- **Task directions**: Work through the entries below line by line and give the number of lines with the string "well", nothing else.

Records from a data source:

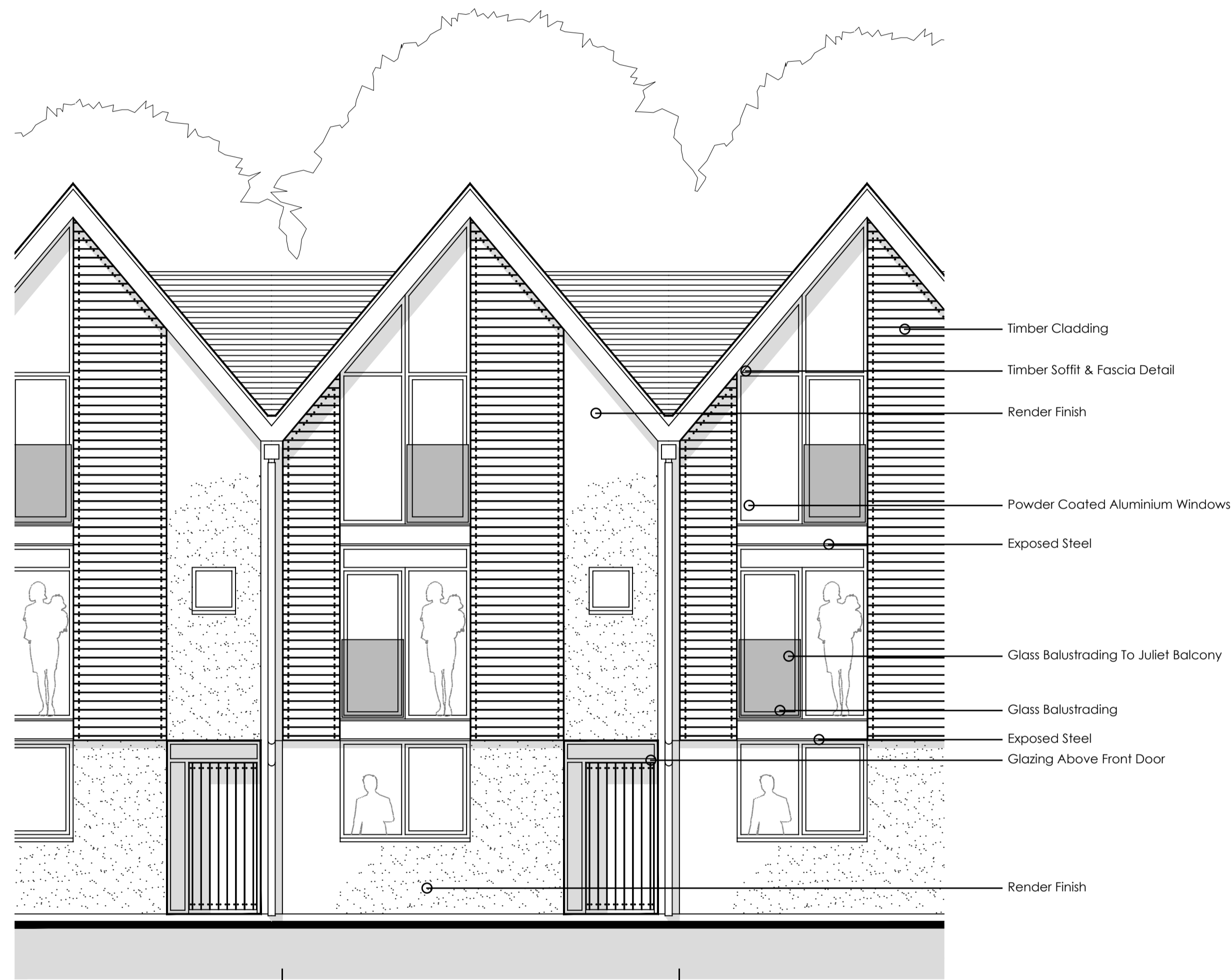
FRONT BAY STUDY @ 1:50
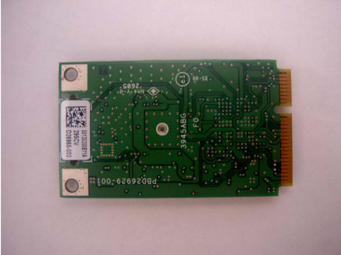
Bottom View “Insulation removed”
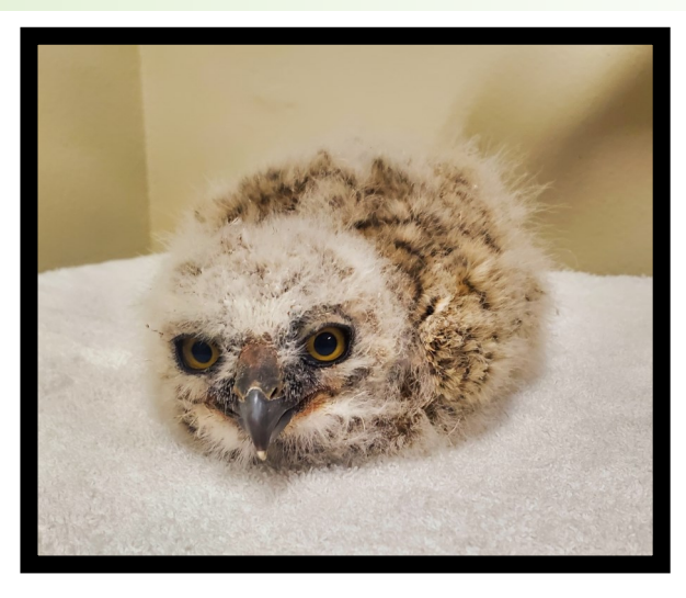
This little nestling Great Horned Owl was found after falling from its nest. It has a fractured wing that is healing and will hopefully be released this fall.

If all goes well, both will be released to the wild this fall.
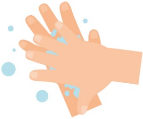
Backs of hands
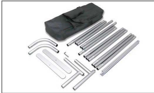
Step 1: Unpack all the contents of the carry bag.
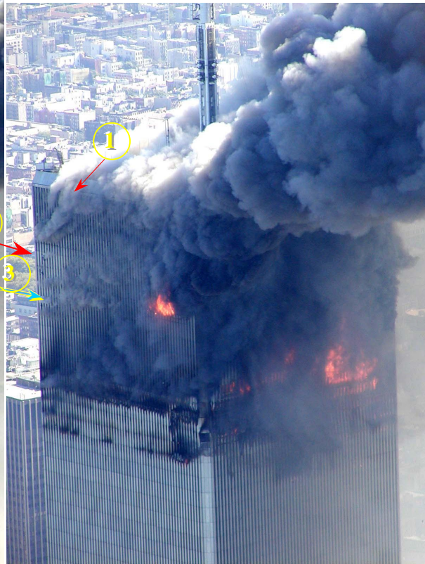
Figure 70.

The two photos above were taken immediately before the destruction of WTC1. There appears to be a person hanging on the exterior of the building, indicated by arrow 2. The second photo shows much more fuming from this person as well as elsewhere. This is inconsistent with high temperatures.

- **Expected answer**: 2